Thursday, January 21, 2010

#23 The Griddle

#30 Hollywood Walk of Fame
#29 Yamashiro
#28 Hollywood Billiards
#27 Genghis Cohen
#26 Piano Bar
#25 Shmutzville
# 24 Loteria

# 23 The Griddle


What's always been off to me is the way that American high culture seems to revere food and drink in a way that's very stratified and separated. What I mean is that styles of foods are appreciated by intellectuals only as the style or ethnicity and rarely as a meal itself. For instance, rarely does a liberal intellectual faux-foodie discuss the actual dish they have eaten or plan to eat such as eating duck confit or seafood paella, but instead the discussion is about a particular restaurant's French or Spanish cuisine. Even subcategories stand in for actual meals such as "tapas" or "dim sum." Food is not any particular dish, but instead a collection of dishes making up a particular style of cuisine. These styles are grouped together, usually by cultural origins, but size, or temperature, or season of consumption also can play a part in a grouping. Angelinos LOVE to talk food, and despite most of their inabilities to tell the difference between a cabernet and a zinfandel, they are almost all experts. But throughout all of this stratifying and circle-jerk food discussions, very rarely will a liberal intellectual stoop so low as to discuss the merits of my favorite of the food categories: breakfast.

For a liberal intellectual to discuss breakfast, this discussion better consist of croque monsieurs or eggs Florentine, because the moment you begin discussions of pancakes and waffles, you are immediately low. Unfortunately, breakfast is the King of all Meals, and is not given the respect that other meals, like…say, lunch or dinner are handed. It really is a damn shame to live in a food city as diverse and beautiful as LA and have breakfast shoved to the same corner as chicken fingers and fish sticks. Even traditional foodie no-nos like hot dogs, burgers, and cupcakes are treated like fois gras out here, but breakfast is tossed to the side. Except for one place, on the corner of Sunset and Fairfax, at the Griddle.
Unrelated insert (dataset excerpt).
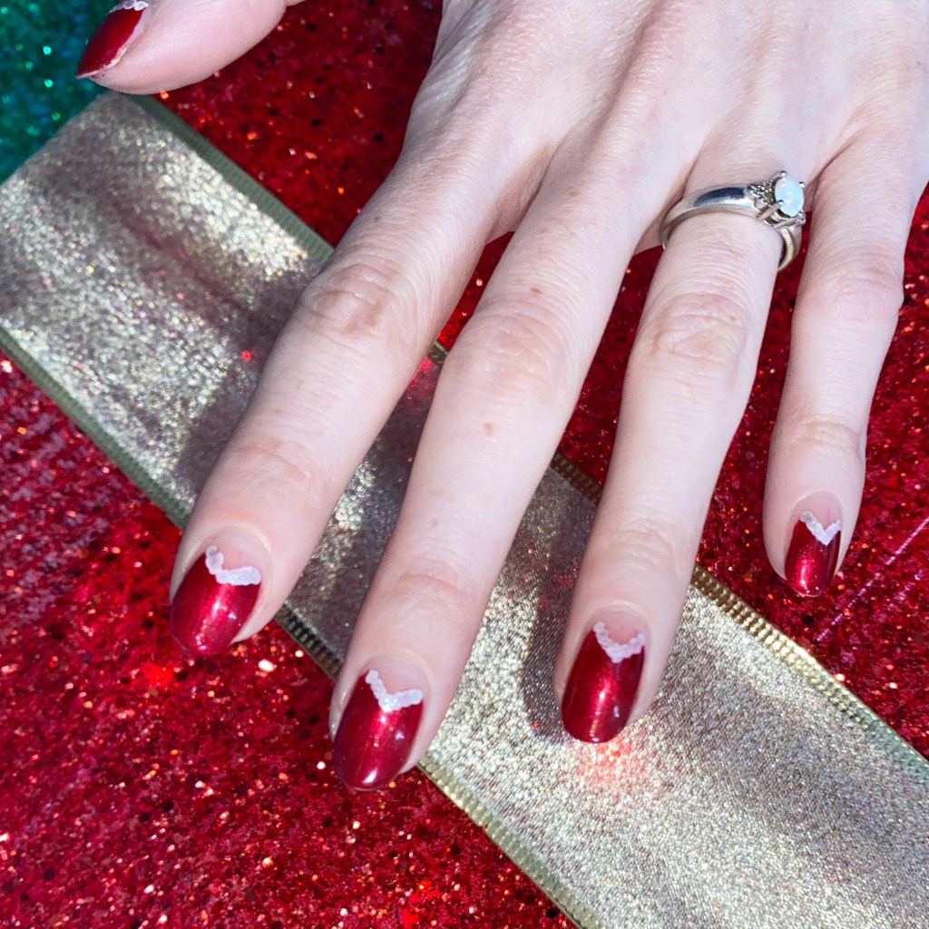 Please excuse the red staining of the negative space part of my nails β a leftover from the pink polish in my previous post. But I love these regardless β even with the dΓ©jΓ vu of it all. I do think Iβm more drawn to the shimmer & sparkle this year though. Just give it a little more Holiday Magic!

The Griddle may or may not have my favorite breakfast in LA, but right now I'm leaning towards "not have." It's certainly not perfect, but every Saturday and Sunday, the line grows outside early and often. Even the celebrities get up early and show up for eggs, coffee, and the biggest pancakes you'll ever see on the planet. On one corner in the city, for two mornings a week, breakfast's place as an unimportant food group, eaten only out of necessity to get to lunch, is forgotten and we all gorge ourselves with espresso-packed pancakes and cholesterol–busting breakfasts.

At the risk of turning this entire project into a series of glorified Yelp! reviews, I'll do my best to limit the sausage sucking. I really just love the food here, I love the atmosphere, I am intrigued as to why the wait staff at a breakfast place consists of the best looking men in the USA, and I won't lie, it's a little intimidating; I love the line outside, I love getting up on a Saturday with friends on the couch and making the pilgrimage, I love missing NFL games in lieu of eggs and pancakes, I am also confused as to why my girlfriend always orders the veggie burger despite being surrounded by eggs, waffles, and pancakes; and I love walking out talking about the food despite the lack of port reductions and charcuterie plates. That's really it for me. It's a great spot, in the middle of the city, that brings out the best in people's appetites, during the best meal of the day. To me, the griddle stands for more than stunningly good-looking men and stunningly large pancake concoctions, it stands for breakfast in LA . . . and that's what I'll miss.